[GOAL OF THE EXERCISE]
The answer is to be the data that follows, transcribed exactly, minus its pictures.

[GIVEN DATA]
——————————

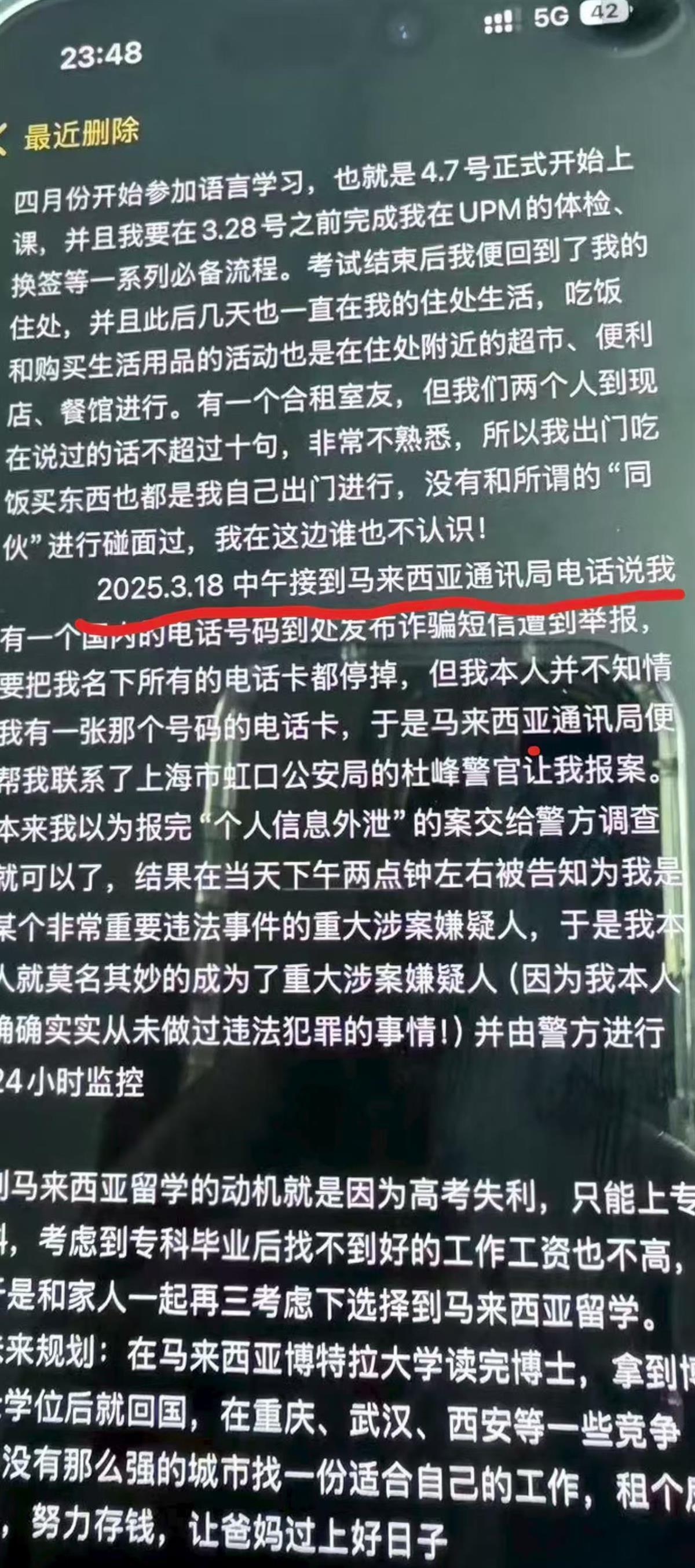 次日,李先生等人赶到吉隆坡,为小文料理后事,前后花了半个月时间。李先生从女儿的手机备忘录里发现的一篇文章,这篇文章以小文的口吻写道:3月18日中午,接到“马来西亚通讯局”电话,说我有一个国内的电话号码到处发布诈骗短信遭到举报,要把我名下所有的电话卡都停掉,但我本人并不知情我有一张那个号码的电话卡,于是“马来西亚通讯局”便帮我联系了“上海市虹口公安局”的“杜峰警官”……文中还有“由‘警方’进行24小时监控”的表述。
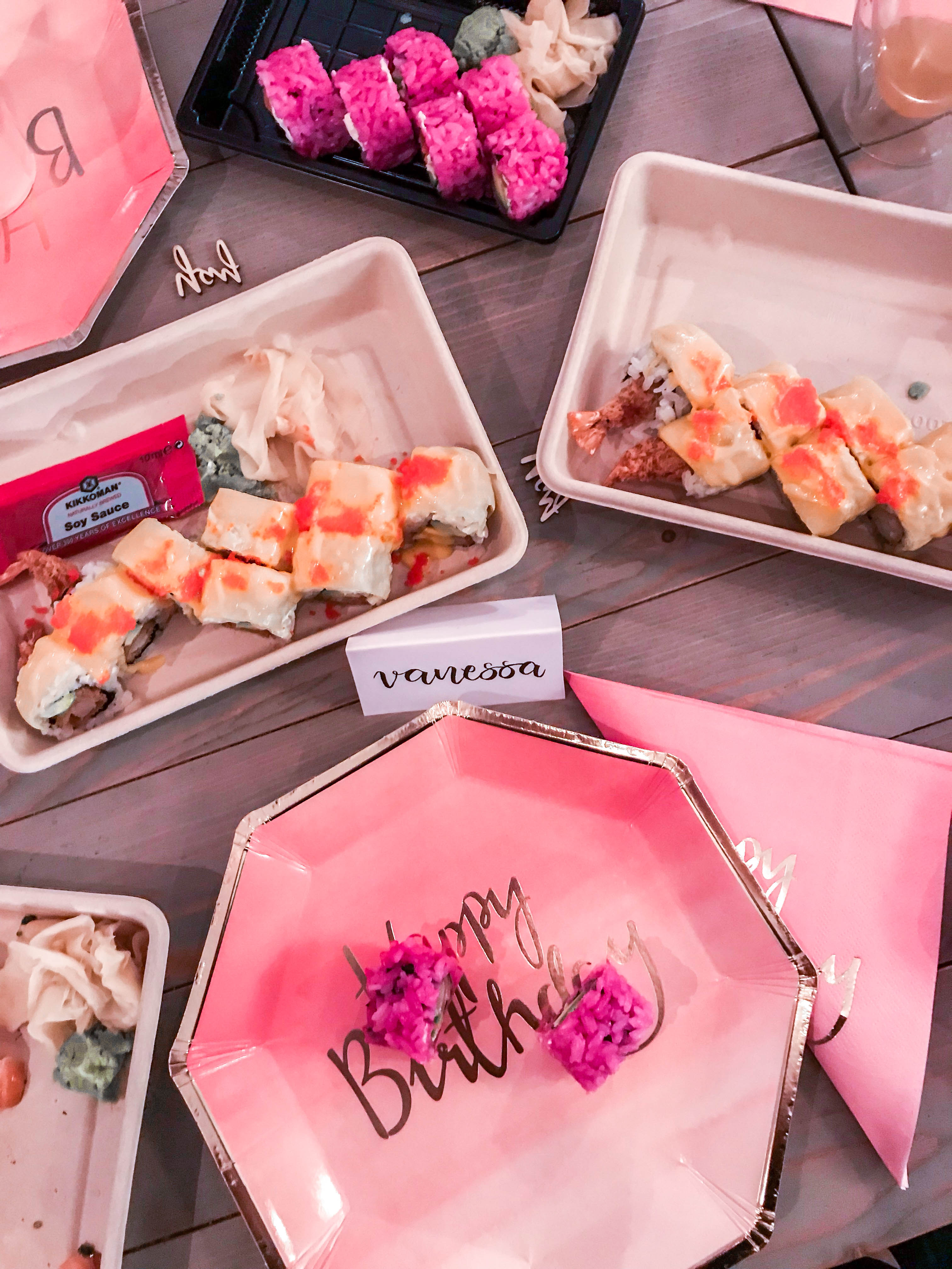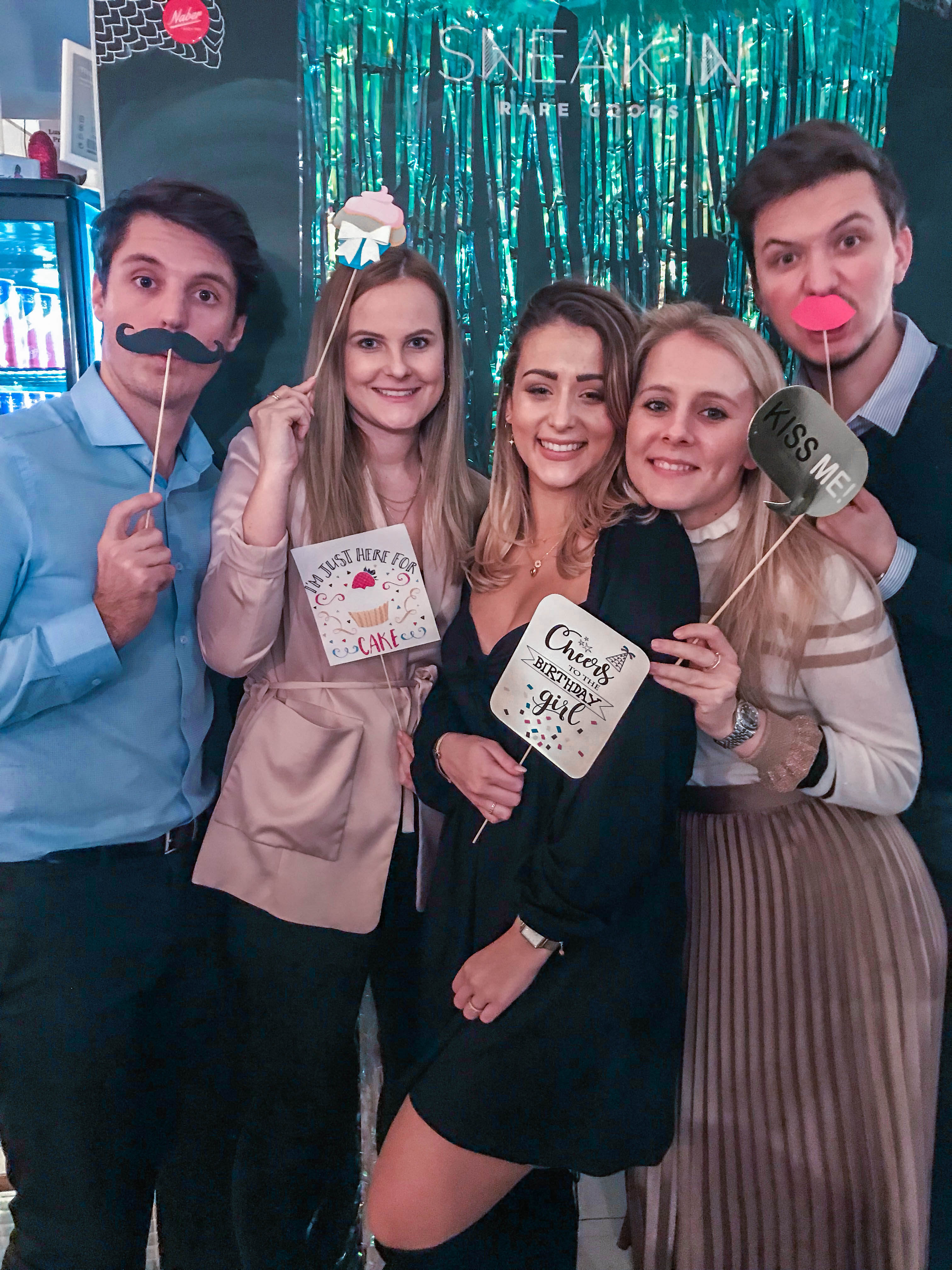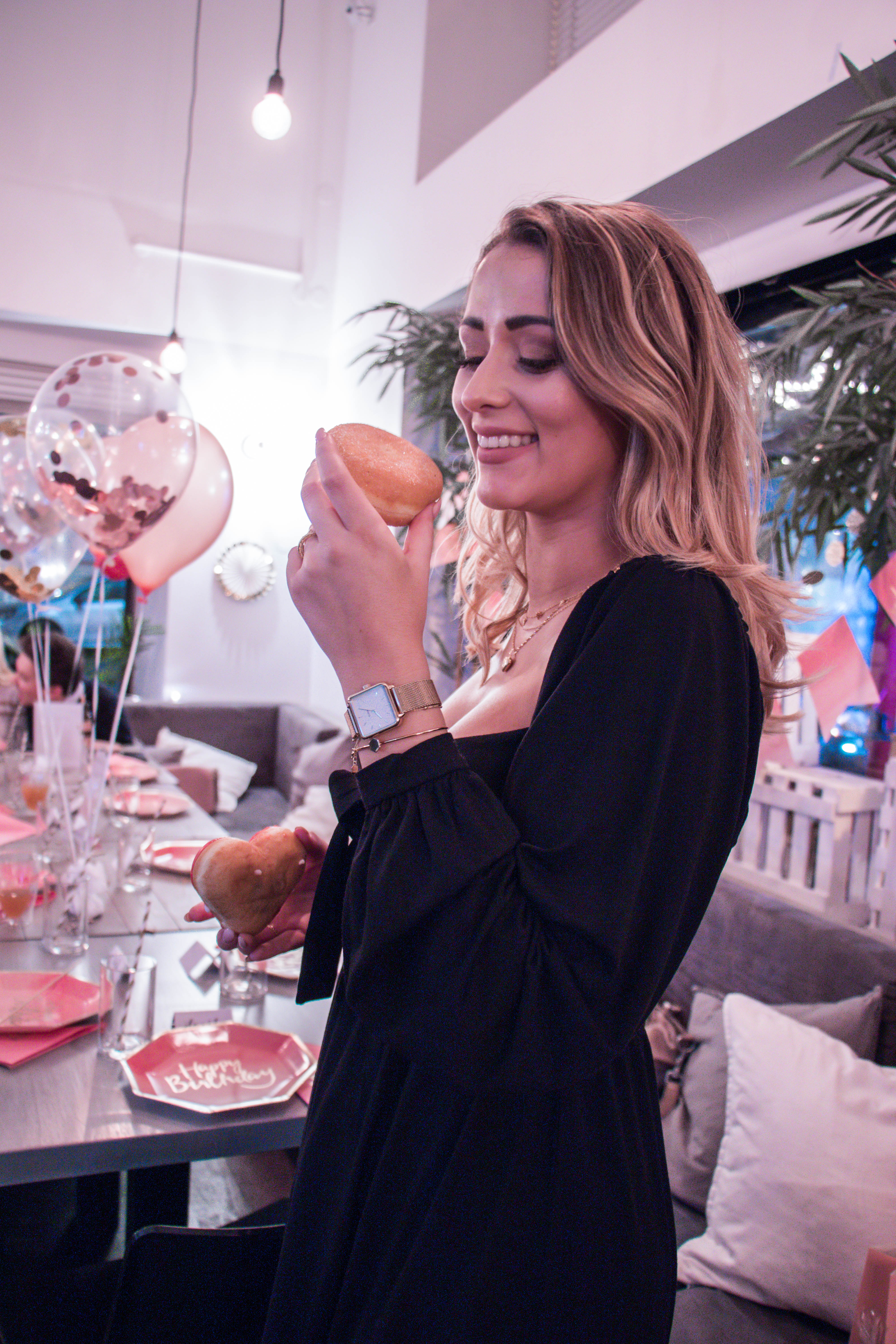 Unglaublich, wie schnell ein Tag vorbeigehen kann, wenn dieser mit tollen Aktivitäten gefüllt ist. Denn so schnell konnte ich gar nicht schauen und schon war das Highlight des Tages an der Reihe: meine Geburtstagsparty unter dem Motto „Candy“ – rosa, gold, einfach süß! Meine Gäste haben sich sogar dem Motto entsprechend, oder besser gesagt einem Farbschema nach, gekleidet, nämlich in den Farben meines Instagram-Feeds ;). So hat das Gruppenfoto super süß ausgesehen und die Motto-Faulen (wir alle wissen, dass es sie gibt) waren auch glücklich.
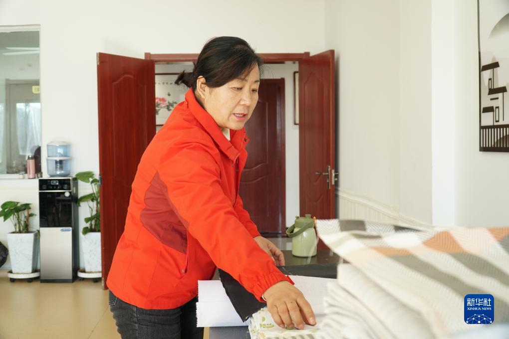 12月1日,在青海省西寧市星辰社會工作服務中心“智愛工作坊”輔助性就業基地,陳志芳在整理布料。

——————————

[YOUR SOLUTION]
 次日,李先生等人赶到吉隆坡,为小文料理后事,前后花了半个月时间。李先生从女儿的手机备忘录里发现的一篇文章,这篇文章以小文的口吻写道:3月18日中午,接到“马来西亚通讯局”电话,说我有一个国内的电话号码到处发布诈骗短信遭到举报,要把我名下所有的电话卡都停掉,但我本人并不知情我有一张那个号码的电话卡,于是“马来西亚通讯局”便帮我联系了“上海市虹口公安局”的“杜峰警官”……文中还有“由‘警方’进行24小时监控”的表述。
 Unglaublich, wie schnell ein Tag vorbeigehen kann, wenn dieser mit tollen Aktivitäten gefüllt ist. Denn so schnell konnte ich gar nicht schauen und schon war das Highlight des Tages an der Reihe: meine Geburtstagsparty unter dem Motto „Candy“ – rosa, gold, einfach süß! Meine Gäste haben sich sogar dem Motto entsprechend, oder besser gesagt einem Farbschema nach, gekleidet, nämlich in den Farben meines Instagram-Feeds ;). So hat das Gruppenfoto super süß ausgesehen und die Motto-Faulen (wir alle wissen, dass es sie gibt) waren auch glücklich.
 12月1日,在青海省西寧市星辰社會工作服務中心“智愛工作坊”輔助性就業基地,陳志芳在整理布料。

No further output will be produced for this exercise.